## Available data

#####

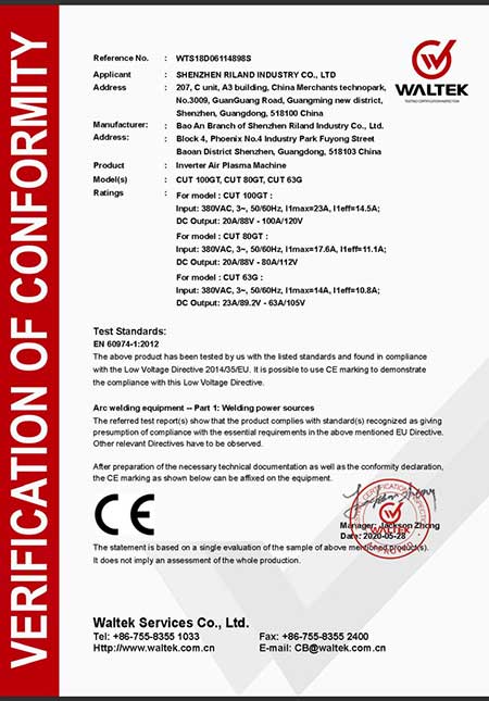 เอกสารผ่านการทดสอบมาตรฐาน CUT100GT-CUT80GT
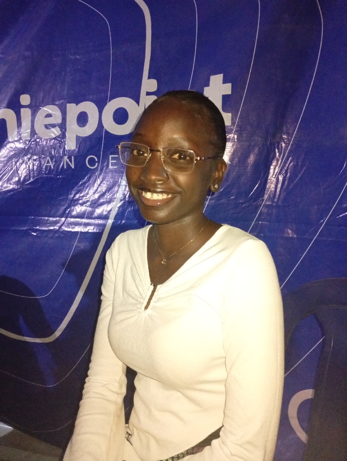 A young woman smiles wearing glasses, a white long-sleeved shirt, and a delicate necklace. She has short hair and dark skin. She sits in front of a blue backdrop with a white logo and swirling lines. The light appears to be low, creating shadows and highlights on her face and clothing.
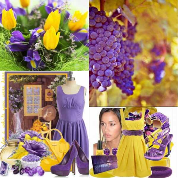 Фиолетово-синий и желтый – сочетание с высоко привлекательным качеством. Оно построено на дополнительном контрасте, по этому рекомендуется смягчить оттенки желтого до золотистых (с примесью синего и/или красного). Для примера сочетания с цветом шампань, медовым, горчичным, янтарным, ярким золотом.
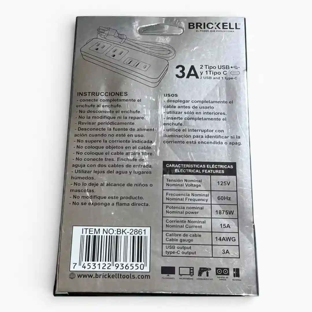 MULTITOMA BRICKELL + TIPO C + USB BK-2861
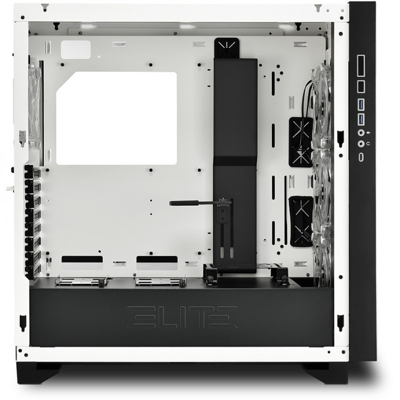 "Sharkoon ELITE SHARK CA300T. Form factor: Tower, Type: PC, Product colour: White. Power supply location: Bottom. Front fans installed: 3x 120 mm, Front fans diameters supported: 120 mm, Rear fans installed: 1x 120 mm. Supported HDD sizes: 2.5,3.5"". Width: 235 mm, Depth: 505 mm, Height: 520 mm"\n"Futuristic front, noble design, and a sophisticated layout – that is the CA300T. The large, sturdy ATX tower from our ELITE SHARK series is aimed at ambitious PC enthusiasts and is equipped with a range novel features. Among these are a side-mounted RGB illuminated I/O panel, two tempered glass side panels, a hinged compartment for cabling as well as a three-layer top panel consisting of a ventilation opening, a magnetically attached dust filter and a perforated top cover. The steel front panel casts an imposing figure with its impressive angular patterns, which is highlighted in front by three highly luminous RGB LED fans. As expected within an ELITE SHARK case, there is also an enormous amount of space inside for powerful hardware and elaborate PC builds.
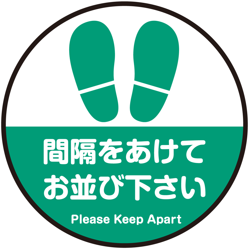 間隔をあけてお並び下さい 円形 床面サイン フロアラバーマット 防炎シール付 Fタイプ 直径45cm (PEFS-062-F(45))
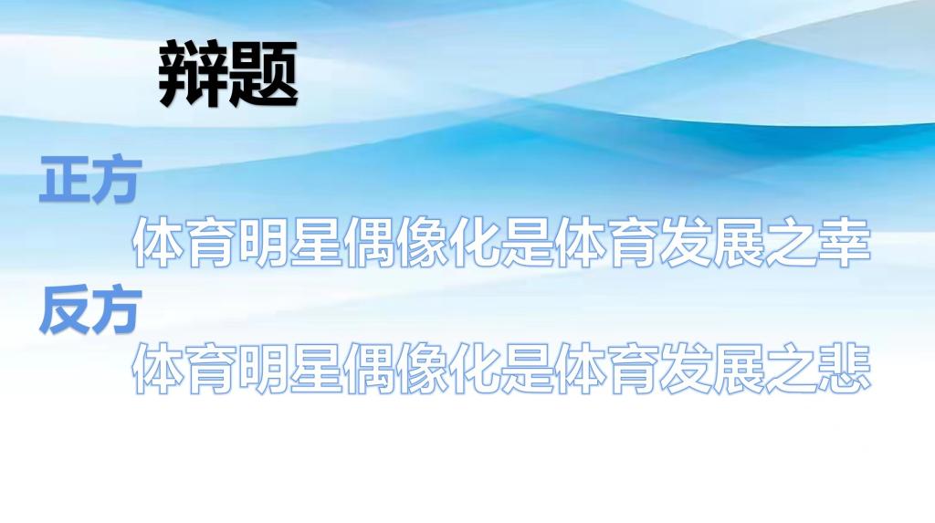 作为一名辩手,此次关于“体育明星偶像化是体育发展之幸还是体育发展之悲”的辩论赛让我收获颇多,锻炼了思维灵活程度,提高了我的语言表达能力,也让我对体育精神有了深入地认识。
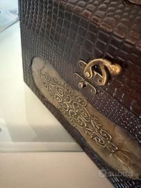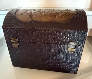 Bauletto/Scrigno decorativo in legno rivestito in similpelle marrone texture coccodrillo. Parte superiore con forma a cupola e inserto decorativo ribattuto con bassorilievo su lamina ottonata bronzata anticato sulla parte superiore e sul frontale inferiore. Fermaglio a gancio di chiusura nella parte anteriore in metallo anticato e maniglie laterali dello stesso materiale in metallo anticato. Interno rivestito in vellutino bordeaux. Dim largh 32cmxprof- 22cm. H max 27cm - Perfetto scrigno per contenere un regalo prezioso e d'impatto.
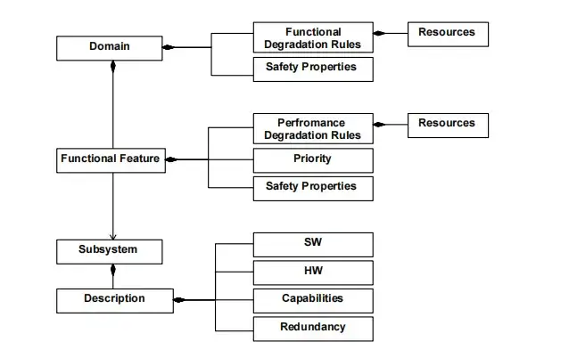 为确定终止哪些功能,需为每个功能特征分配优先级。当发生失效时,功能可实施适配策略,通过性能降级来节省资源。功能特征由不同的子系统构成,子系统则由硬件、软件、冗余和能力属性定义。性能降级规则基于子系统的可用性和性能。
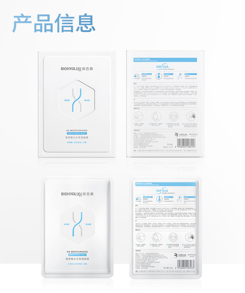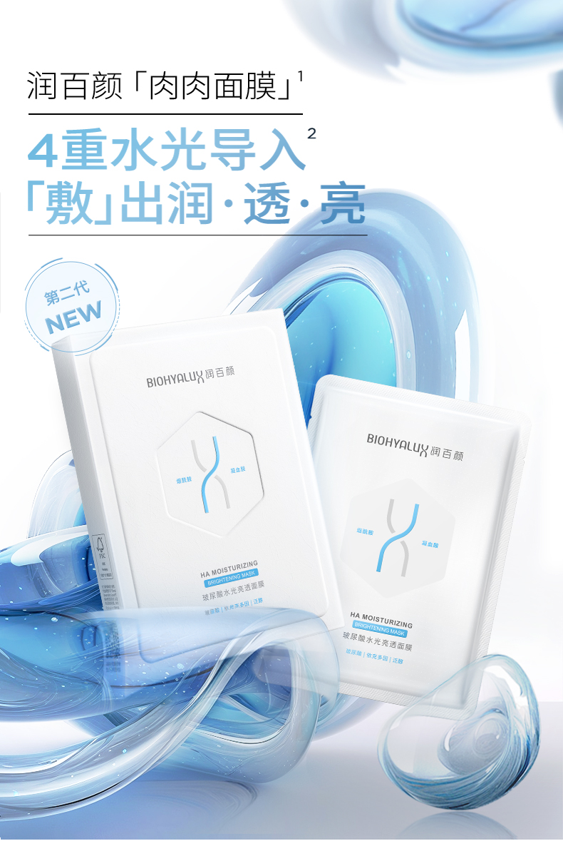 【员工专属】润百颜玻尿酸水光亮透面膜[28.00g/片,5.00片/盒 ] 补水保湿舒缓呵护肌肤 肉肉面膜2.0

#####

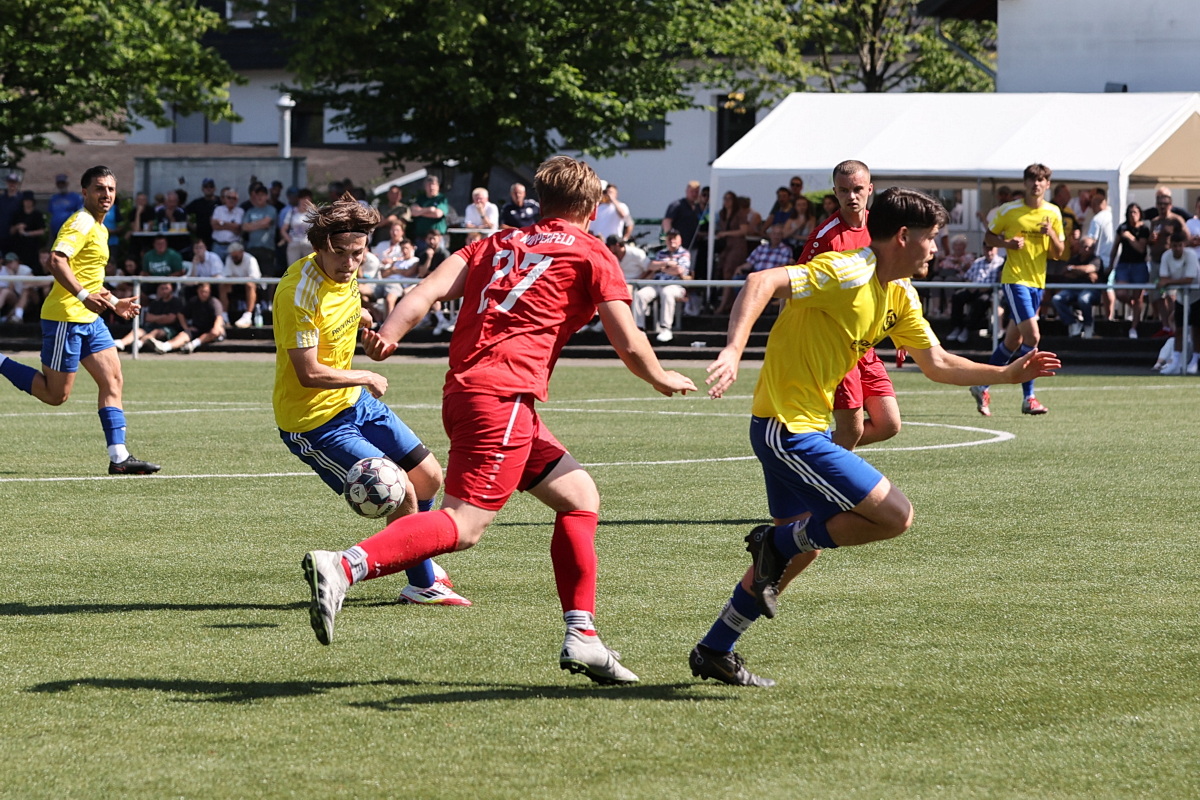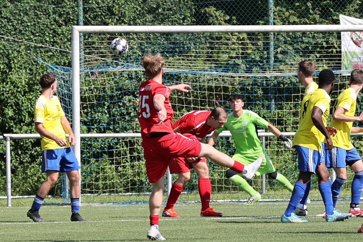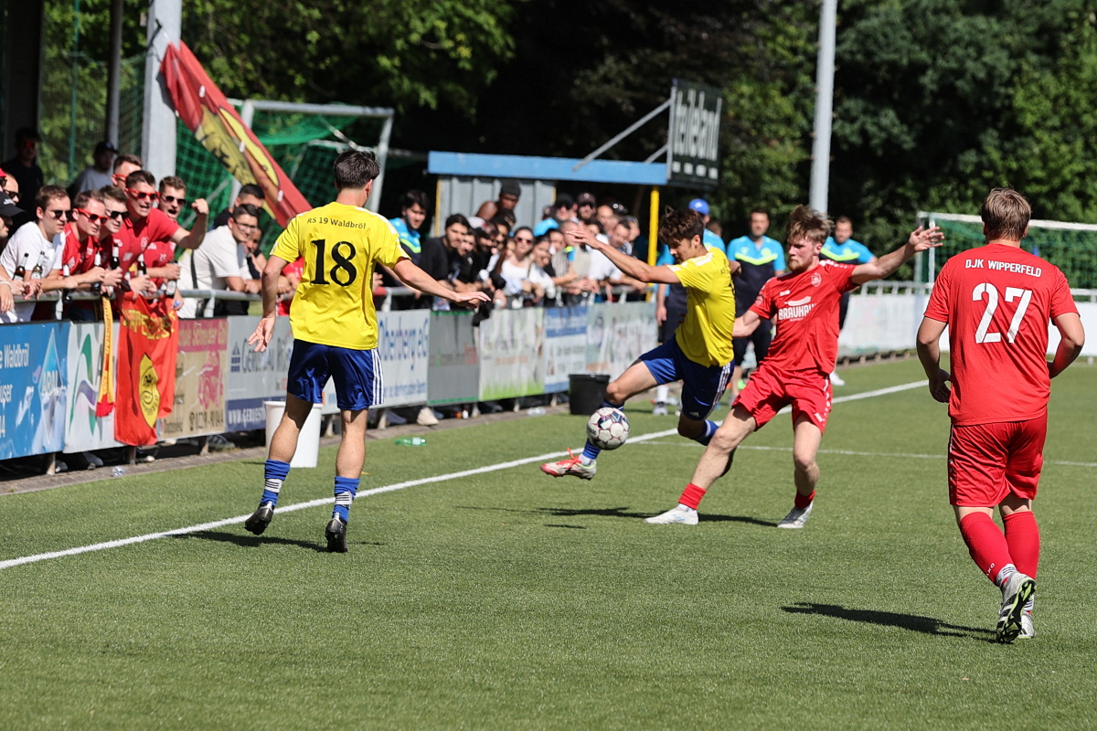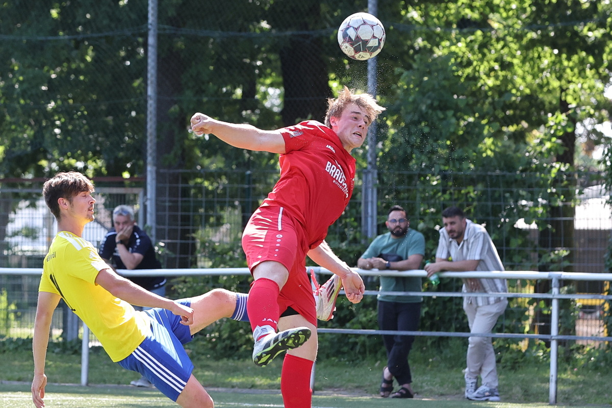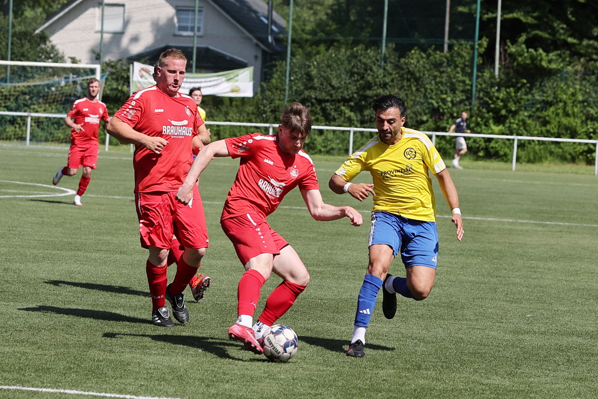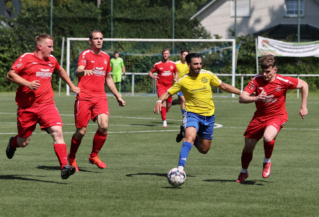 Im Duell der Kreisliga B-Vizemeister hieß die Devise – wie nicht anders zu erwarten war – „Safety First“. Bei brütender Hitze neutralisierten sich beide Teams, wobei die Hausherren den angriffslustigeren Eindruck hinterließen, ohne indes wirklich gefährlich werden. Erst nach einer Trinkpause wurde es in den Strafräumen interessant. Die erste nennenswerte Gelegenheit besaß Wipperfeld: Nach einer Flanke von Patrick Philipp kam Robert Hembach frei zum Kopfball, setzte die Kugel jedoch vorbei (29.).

#####

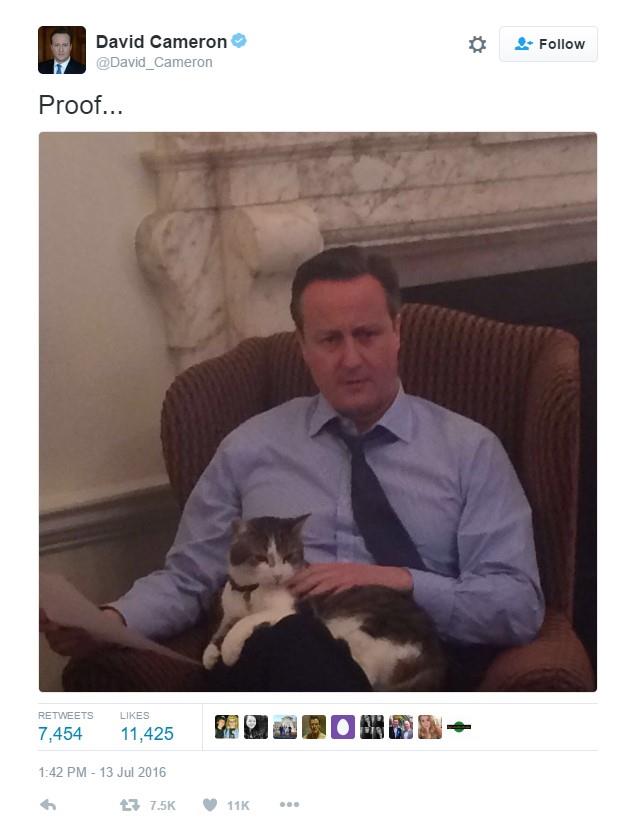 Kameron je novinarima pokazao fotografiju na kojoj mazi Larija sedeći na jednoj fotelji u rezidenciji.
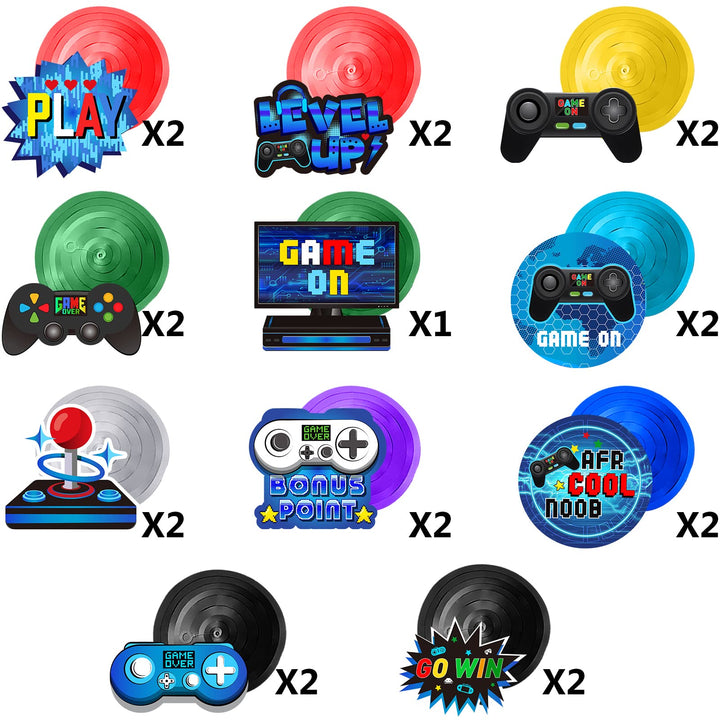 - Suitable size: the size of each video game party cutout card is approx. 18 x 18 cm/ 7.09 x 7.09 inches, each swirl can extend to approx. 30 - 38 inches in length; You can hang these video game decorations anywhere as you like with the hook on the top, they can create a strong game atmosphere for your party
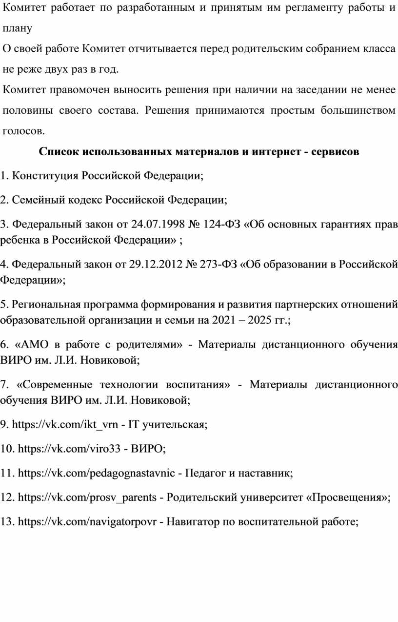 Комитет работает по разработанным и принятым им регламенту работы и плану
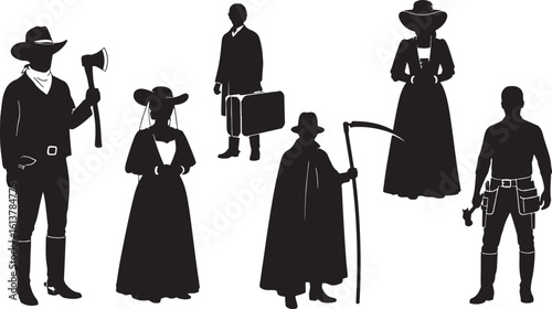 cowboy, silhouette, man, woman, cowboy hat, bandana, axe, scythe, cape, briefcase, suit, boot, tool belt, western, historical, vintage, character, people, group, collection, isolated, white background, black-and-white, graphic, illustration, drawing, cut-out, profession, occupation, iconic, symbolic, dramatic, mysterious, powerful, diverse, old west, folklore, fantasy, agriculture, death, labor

#####

## Problem requirements
Quote the lines above exactly, starting with the one that has "Kameron je novinarima" and ending with the one that has "Комитет работает по"; drop the pictures and include nothing else.

## Solution
 Kameron je novinarima pokazao fotografiju na kojoj mazi Larija sedeći na jednoj fotelji u rezidenciji.
 - Suitable size: the size of each video game party cutout card is approx. 18 x 18 cm/ 7.09 x 7.09 inches, each swirl can extend to approx. 30 - 38 inches in length; You can hang these video game decorations anywhere as you like with the hook on the top, they can create a strong game atmosphere for your party
 Комитет работает по разработанным и принятым им регламенту работы и плану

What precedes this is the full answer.